United States District Court, W.D. Missouri, Southwestern Division

July 24, 2014



DOUGLAS HARPOOL, District Judge.

Before the Court is Defendants' Motion for Summary Judgment (Doc. 51). After careful consideration and for the following reasons, the Court GRANTS in part and DENIES in part Defendants' Motion for Summary Judgment (Doc. 51).


Plaintiff's First Amended Complaint alleges fraudulent inducement and misrepresentation in employment negotiations (Count I), negligent misrepresentation (Count II), wrongful termination in violation of public policy (Count III), unjust enrichment (Count IV), breach of contract (Count V); and false imprisonment (Count VI) against his former employers Aegis Communications Group, LLC ("ACG") and Aegis USA, Inc.[1]

Aegis USA and ACG operate call centers in various locations around the United States. Plaintiff began working for ACG in approximately 2009 as a telephone sales representative at its Joplin, Missouri call center. Plaintiff took a leave of absence in June 2011 from his employment with ACG to participate in a Cross-Shoring Program. The Cross-Shoring program was intended to be a mutually-beneficial opportunity for employees to obtain additional training and gain experience living, working and studying abroad, while also offering American clients access to American employees at a lower cost to clients. ACG permitted volunteer employees who were selected after an interview and ranking process to take a leave of absence from their jobs at ACG to participate in the program.
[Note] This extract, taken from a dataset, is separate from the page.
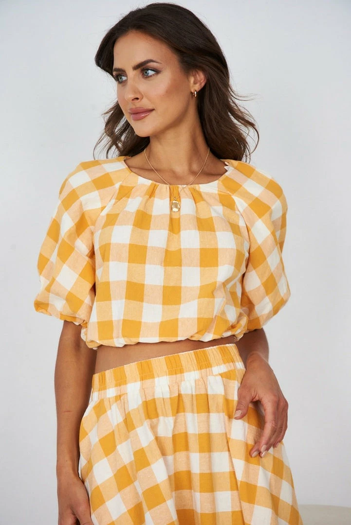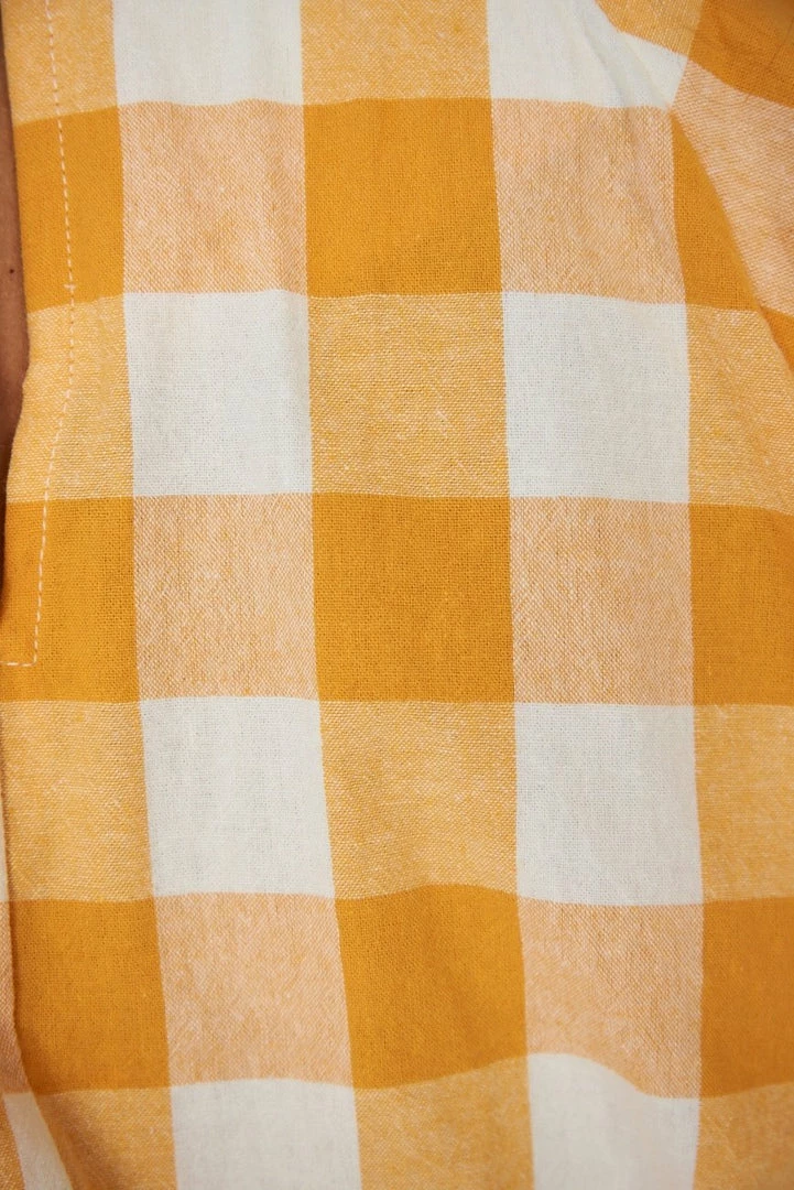 Our Josepha Top comes in a tangerine orange & white tone check print. It features a round neckline and short sleeves for a relaxed, comfortable fit. It pairs beautifully with jeans or a basic pants for a stunning spring seasonal look!

Aegis Aspire operated Aegis Global Academy ("Academy") in India and contracted with ACG to operate the Cross-Shoring Program.[2] Specifically, ACG entered a contract with Aegis Aspire to provide services under the Cross-Shoring Program. The "Master Support Agreement" was entered into on July 1, 2011 and stated the Company [ACG] requires Support in training and development of their employees and the Academy [Aegis Aspire] is willing and able to provide such Support. As set forth in the agreement, Support to be provided by Academy included, but was not limited to: "providing training and people development support to the employees of the Company on a residency programme basis, which would include without limitation, following: (1) class room training; (2) medical facilities; (3) practical training; (4) stipend; (5) mobile phone allowance; (6) administrative services; (7) transportation; (8) printing and stationary services; (9) any other auxiliary services."
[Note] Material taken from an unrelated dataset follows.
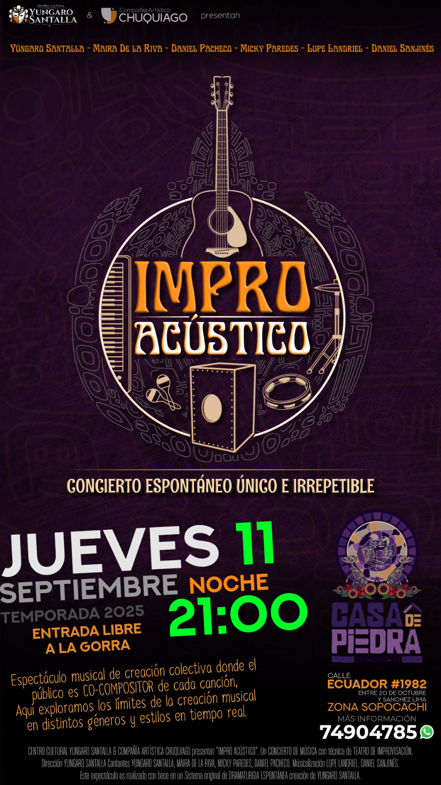 Un espectáculo donde el público es coautor de las canciones del encuentro y por eso cada show es único e irrepetible.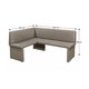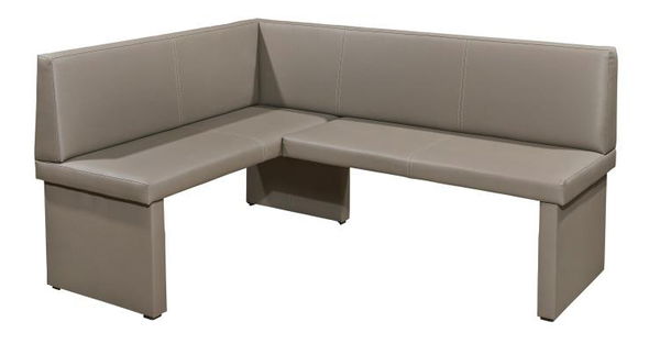 Bancă de sufragerie de colț tapițată cu piele ecologică de înaltă calitate, pe versiunea color de capucino. Versiune pe stânga.

Employees from Aegis Aspire prepared materials that described the Cross-Shoring Program and subsequently sent the materials to ACG management in Texas to be used to introduce the program to ACG employees. ACG management then created and distributed a basic flyer, based on materials and information provided by Aegis Aspire, to local HR managers at call centers around the United States, including Joplin, Mo. The flyer promised participants a $100 monthly allowance and that participants would receive a $2, 000 savings payment at the end of the program period. The flyer also stated "Aegis will pay for your fully furnished room and board..." The flyer references "Aegis" several times but does not identify a specific Aegis entity.
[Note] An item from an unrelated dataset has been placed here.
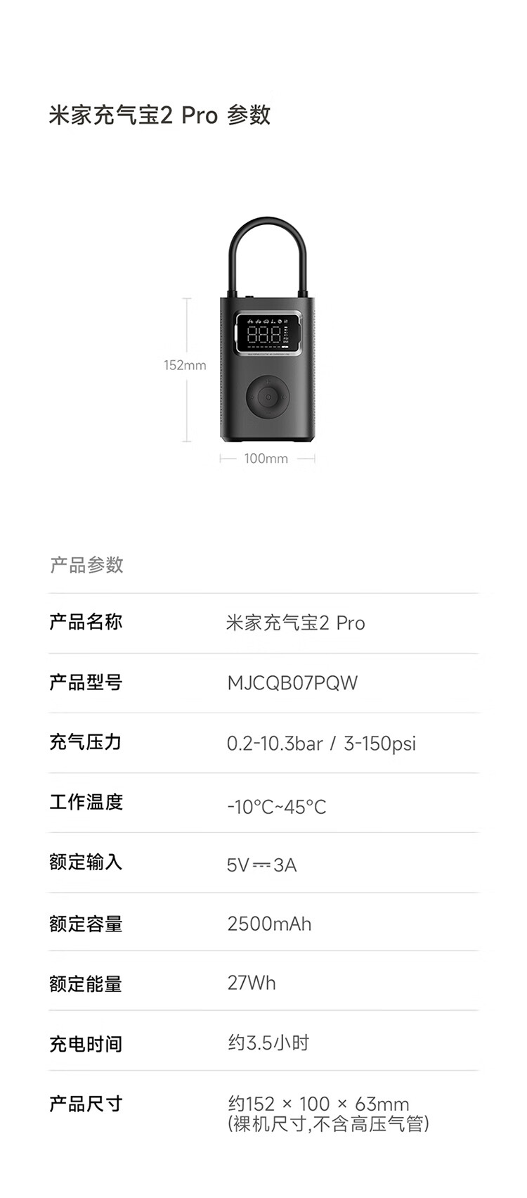 商品名称:小米 米家充气宝2Pro 大功率胎压检测

The Cross-Shoring program was a one year program that took place in India. ACG provided transportation to and from India. Aegis Aspire provided the meals, lodging, internet access, pre-paid cellular phone, Indian-based health insurance and transportation in India. Aegis Aspire provided the $100 per month stipend to cover miscellaneous expenses and also provided the educational component to the participants through a contract it had with Cornell University. Participants who completed the program in good standing were informed they would receive a complimentary Indian vacation excursion from Aegis Aspire.

ACG informed participants they would receive a $2, 000 pre-tax bonus at the end of the program period and would return to a position with ACG in the United States. Plaintiff's leave of absence agreement stated "provided Employee has successfully completed the one year study program and has remained in good standing throughout such one year period, Employee's return to work at Aegis and Employee's employment with Aegis will be reinstated as if he had never left employment with Aegis." If the participant did not complete the program the bonus would be retained by ACG to cover the cost of the participant's travel to and from India.[3]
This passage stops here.